Cost and Cost-Effectiveness of Treating Human Epidermal Growth Factor Receptor 2-Low Metastatic Breast Cancer
- PMID: 40397834
- PMCID: PMC12331244
- DOI: 10.1200/JCO-24-01960
Cost and Cost-Effectiveness of Treating Human Epidermal Growth Factor Receptor 2-Low Metastatic Breast Cancer
Abstract
Purpose: Creating value-aligned treatment pathways in breast cancer requires understanding the cost and cost-effectiveness of new therapies. To address uncertainty in the optimal treatment sequence, we developed a decision model to assess the cost-effectiveness of various treatment sequences for patients with human epidermal growth factor receptor 2 (HER2)-low metastatic breast cancer who are eligible for trastuzumab deruxtecan (T-DXd) and sacituzumab govitecan (SG) under current US Food and Drug Administration labeling.

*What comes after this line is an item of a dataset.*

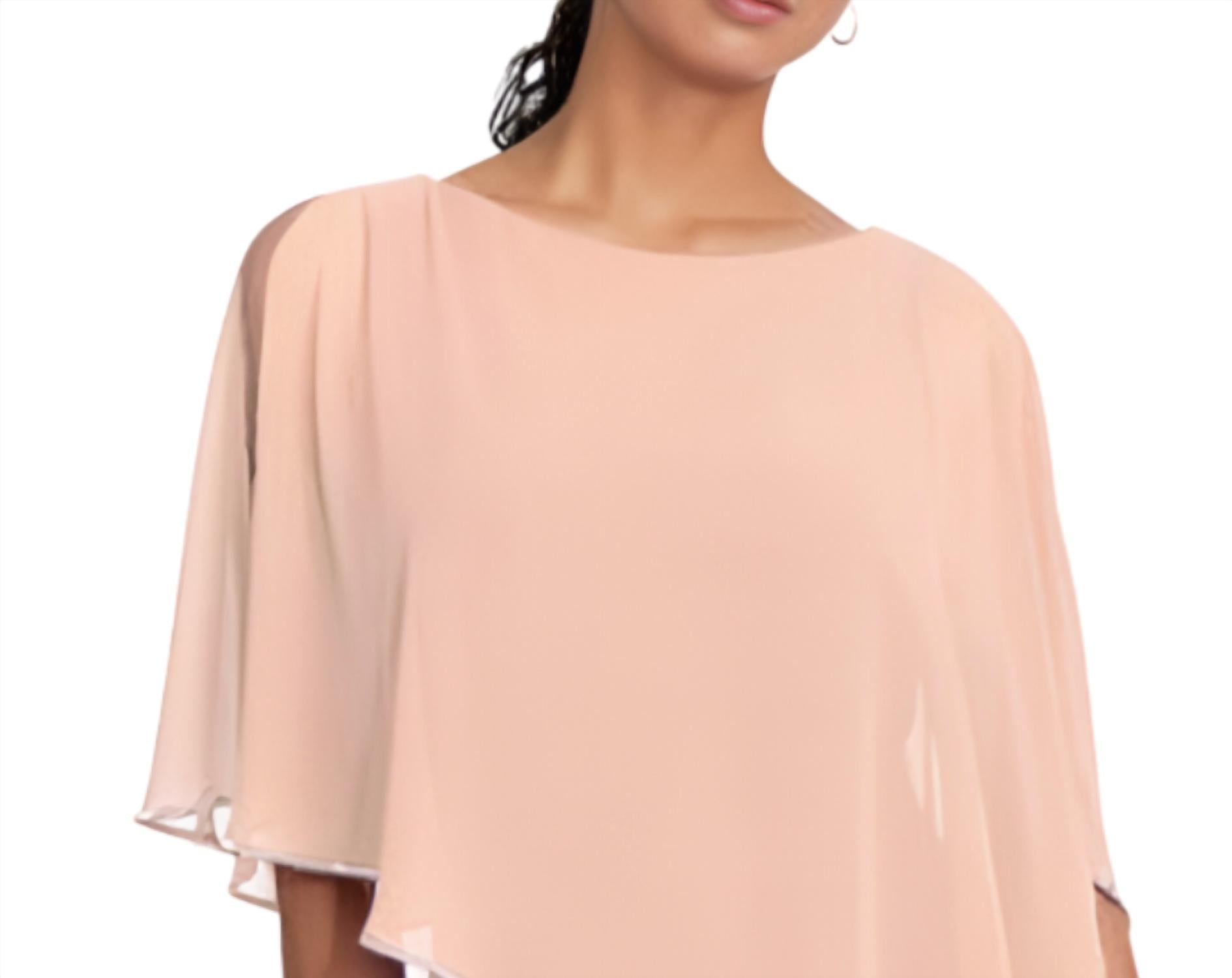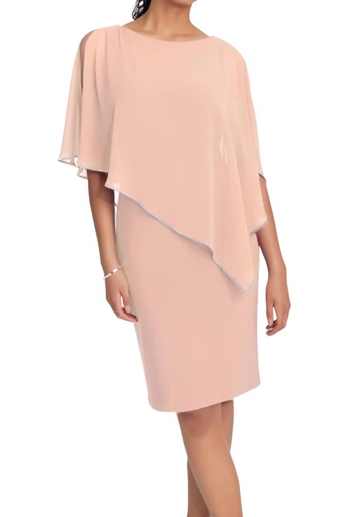 The perfect mini dress for those warmer months. Elevate your wardrobe with the Joseph Ribkoff Chiffon Cape Diamante Trim Dress in a beautifully sophisticated rose shade. This mini dress showcases short sleeves and a round neck design fit for any special occasion. Composition: Premium chiffon fabrication ensures a luxurious feel. Closure: Easy pull-on style. Care: Dry clean only. Perfect for anniversaries or Mother's Day celebrations.

Methods: We derived disease progression and therapy data from the Destiny-Breast04 trial and sourced cost and quality-of-life data from the published literature. Our simulation modeled 57-year-old women with HER2-low, endocrine refractory, and triple-negative metastatic breast cancer eligible for third-line treatment. We evaluated four sequences: chemotherapy (chemo) → chemo, T-DXd → chemo, chemo → T-DXd, and T-DXd → SG. Outcomes included quality-adjusted life years (QALYs), total lifetime costs (2020 US dollars [USD], 3% annual discount), and incremental cost-effectiveness ratios. Sequences that cost <$150,000 USD to gain an additional QALY were considered cost effective.
Results: Chemo → chemo has the lowest cost at $176,000 (USD) per patient and yields 0.82 QALYs. T-DXd → chemo costs $282,000 (USD) and yields 1.08 QALYs, with an incremental cost-effectiveness ratio of $408,000 (USD) per QALY gained. T-DXd → SG costs $304,000 (USD) and yields 1.09 QALYs, with an incremental cost-effectiveness ratio of $2,200,000 (USD) per QALY gained. Drug cost drives the cost differences between each strategy. For T-DXd → chemo to be cost effective at the $150,000 (USD) per QALY threshold, we estimate that a 41% price reduction for T-DXd is needed.
Conclusion: At its current price, T-DXd is not cost effective for HER2-low metastatic breast cancer. Price reductions can make this drug cost effective. Optimal value-based sequencing in this patient population uses a single antibody-drug conjugate rather than back-to-back conjugates.